**** SUPPLIED RECORDS
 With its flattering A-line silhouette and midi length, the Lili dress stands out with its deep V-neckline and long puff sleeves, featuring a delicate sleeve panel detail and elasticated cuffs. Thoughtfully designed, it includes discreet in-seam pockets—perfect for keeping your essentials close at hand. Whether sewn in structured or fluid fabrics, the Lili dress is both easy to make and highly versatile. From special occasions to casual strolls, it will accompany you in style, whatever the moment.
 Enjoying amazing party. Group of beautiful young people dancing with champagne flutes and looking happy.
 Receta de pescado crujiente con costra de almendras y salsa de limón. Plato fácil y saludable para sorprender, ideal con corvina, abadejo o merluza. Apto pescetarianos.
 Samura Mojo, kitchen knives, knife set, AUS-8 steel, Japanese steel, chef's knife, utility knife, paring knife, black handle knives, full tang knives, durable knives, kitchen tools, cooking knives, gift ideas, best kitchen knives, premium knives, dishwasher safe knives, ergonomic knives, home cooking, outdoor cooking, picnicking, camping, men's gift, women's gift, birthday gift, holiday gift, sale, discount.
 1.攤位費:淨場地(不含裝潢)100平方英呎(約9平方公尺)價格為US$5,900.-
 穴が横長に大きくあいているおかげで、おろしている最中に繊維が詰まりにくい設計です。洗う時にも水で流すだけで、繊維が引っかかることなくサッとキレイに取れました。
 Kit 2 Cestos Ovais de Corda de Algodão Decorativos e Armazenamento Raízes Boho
********
**** SUPPLIED RECORDS
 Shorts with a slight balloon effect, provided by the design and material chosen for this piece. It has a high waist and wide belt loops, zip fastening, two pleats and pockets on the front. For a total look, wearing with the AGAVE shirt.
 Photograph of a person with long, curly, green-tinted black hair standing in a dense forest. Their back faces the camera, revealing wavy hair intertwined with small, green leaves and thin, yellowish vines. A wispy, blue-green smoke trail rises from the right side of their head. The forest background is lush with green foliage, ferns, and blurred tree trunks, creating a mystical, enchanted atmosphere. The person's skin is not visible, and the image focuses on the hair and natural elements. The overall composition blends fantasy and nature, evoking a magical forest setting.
********
■ **EXERCISE**:
Extract from the records above the lines from the one containing "穴が横長に大きくあいているお" to the one containing "Kit 2 Cestos", both lines included, exactly as they appear and with nothing else.

■ **RESULT OF THE EXERCISE**:
 穴が横長に大きくあいているおかげで、おろしている最中に繊維が詰まりにくい設計です。洗う時にも水で流すだけで、繊維が引っかかることなくサッとキレイに取れました。
 Kit 2 Cestos Ovais de Corda de Algodão Decorativos e Armazenamento Raízes Boho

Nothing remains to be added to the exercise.